While promoting his recently published tell-all memoir, The Room Where It Happened, Bolton defended his willingness to have Donald Trump as president in 2016. However, he said that he won’t be voting for him again this November.
The late-night personality could not hold back from grilling Bolton for previously supporting Trump despite his belief that he was “unfit” to be the president. Colbert began the conversation, asking Bolton about what his “fellow long-term conservative Republicans” think about the president.
“Well, look. I think many of them, in fairness to Trump, look at the comparison—as I did in 2016 with Hillary Clinton—look at the comparison with Joe Biden and say, whatever we think of him,” Bolton said, “he’s not going to be a Democrat subject to the pressure—especially now—of the left. I bought that argument in 2016.”
An exasperated Colbert fired back, “No, he’s going to be subject to the pressure of Vladimir Putin! And Xi Jinping! He’s a person willing to sell out the interest of the American people for his own re-election.”
“What could be worse in Hillary Clinton or Joe Biden’s philosophy than betraying your country to a hostile foreign leader, sir?” he asked the ambassador.
Bolton defended himself, saying that he thought they at least had to try it out four years ago. He added that he voted for Trump in 2016, but wouldn’t this time around. “Having experienced 17 months of working with him, I can’t in good conscience do that again,” he added. “That’s why I’m not going to vote for him, and I’m not going to vote for Biden.”
Colbert noted that there was nothing Trump did that surprised him. “My rule is, everything you think about Donald Trump is probably true, because he’s not deep enough to get your socks wet in,” he said of Trump’s flaws. “He’s incredibly readable.
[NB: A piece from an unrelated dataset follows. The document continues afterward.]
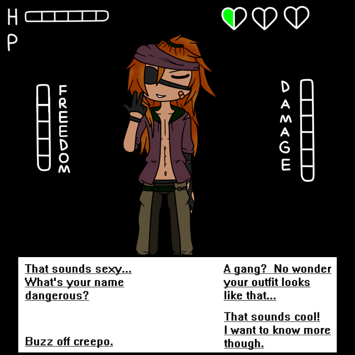 TOXIC: "Hmhmhm. A good question indeed. As mentioned before I am the leader of a gang. We had a pretty big goal to take a princess hostage and demand the Duke money for her back, however, as it turns out, she was pretty crafty herself. She used a shard off the ground to cut her bindings and successfully rid me of one eye. Unfortunately she got away, as I was pretty much blinded by blood."

That’s why when he ran casinos, the house lost. There’s nothing to learn about him. That’s why he’s essentially a boring person. How did you not know beforehand that he was just callow?”
“Because I couldn’t believe it was that bad,” Bolton admitted. “And I know other people say they saw it from the beginning—”
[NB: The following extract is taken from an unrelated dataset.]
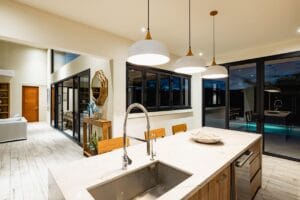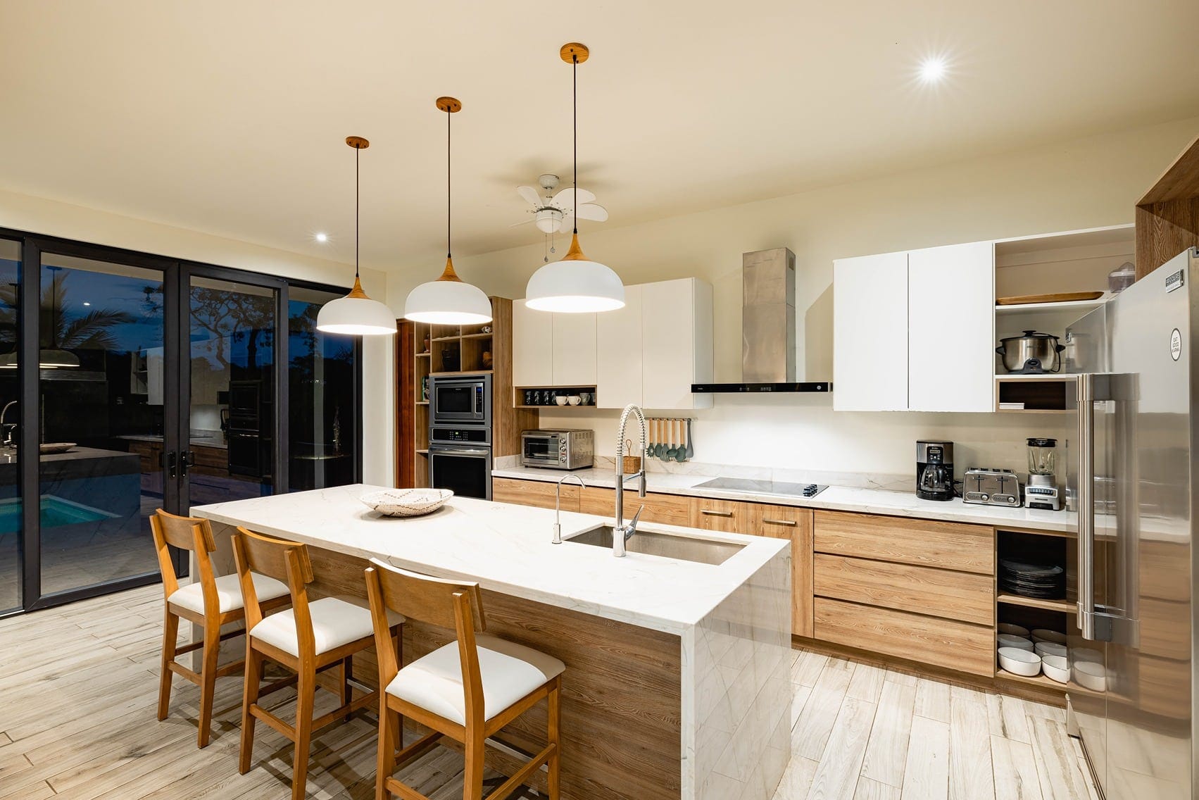 ● Expansive glass sliding doors that create seamless indoor-outdoor flow

Colbert, shocked, cut off the former national security adviser. “But you’re an international negotiator, how could you be naïve?” he insisted. “You’ve dealt with the worst people in the world!”
“I thought it was possible to work with somebody. I thought surely they would want to learn about the complexities of arms control negotiations and that sort of thing,” said Bolton. “As I detail in the book, that turned out not to be true.”
The Room Where It Happened, Bolton’s memoir about his time working in the West Wing, is available for purchase.